Reste alors à définir ce qu’il faut entendre par « atteinte » à la personnalité.

Selon la jurisprudence, l’atteinte, au sens des articles 28ss du Code civil est réalisée

par tout comportement humain, tout acte de tiers, qui cause de quelque manière un

trouble aux biens de la personnalité d’autrui en violation des droits qui la

protègent1229. Ces biens sont d’une part le droit au respect de la sphère privée et le

droit à la considération d’autrui sur le plan social et professionnel1230. Ils sont protégés

en ce sens que leur titulaire possède le droit d’en disposer libre de toute intervention

externe1231. Ils sont atteints par toute ingérence dans la sphère secrète ou privée du

sujet, ou par tout comportement qui le rabaissent dans la considération dont il jouit1232.
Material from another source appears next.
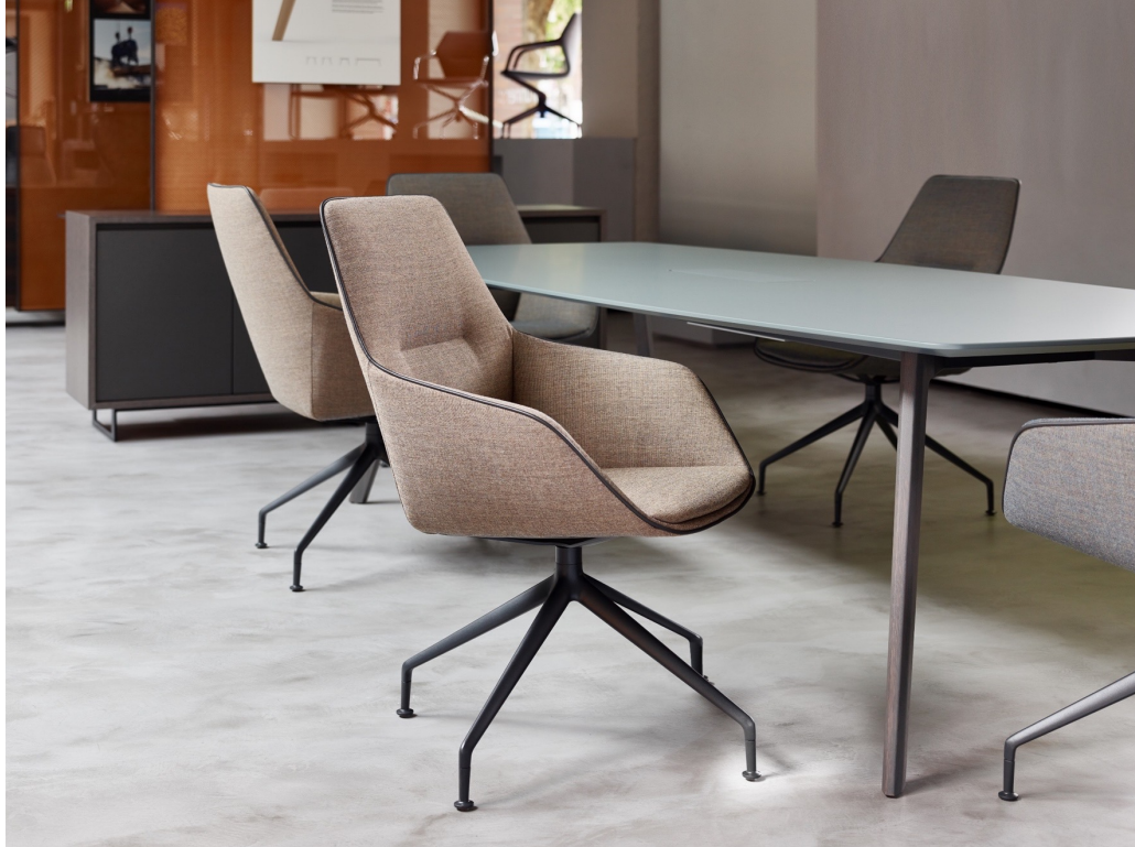
BRUNNER | RAY SOFT

Une telle atteinte ne pourra être qualifiée de licite que si elle est justifiée, hors le

consentement de la victime, par un intérêt public ou privé prépondérant. En matière de

presse, on distinguera selon que se trouve en cause le mandat d’informer qui lui

incombe, selon, dit autrement, que les faits rapportés correspondent à un véritable et

légitime besoin du lectorat d’être informé ; s’il ne s’agit au contraire que de divertir et

de satisfaire curiosité et goût du scandale, une atteinte à la personnalité sera beaucoup

plus facilement admise et un intérêt public ne sera retenu que de manière

exceptionnelle.1233

Traiter sur un site internet librement accessible à tout un chacun de « racisme verbal »

un exposé fait en public constitue une atteinte à la personnalité de celui qui l’a tenu et

cette atteinte est illicite si les propos incriminés ne justifient pas une telle

appréciation1234.

1228 Traduction libre dont nous assumons seul la responsabilité.1229 ATF 136 III 296 consid. 3.1 p. 302 ; 136 III 410 consid. 2.2.2. p. 413.1230 ATF 143 III 297 préc., consid. 6.4.2 p. 308.1231 Ibid.1232 Ibid.1233 ATF 143 III 297 consid. 6.7.3, pp.315 sv. Il s’agissait dans cette affaire d’une campagne médiatique qui avait pris une ampleur telle que la victime avait fait l’objet d’un véritable harcèlement et s’était vu priver de son droit à déterminer ce qu’elle entendait révéler de sa sphère privée. 1234 ATF 138 III 641.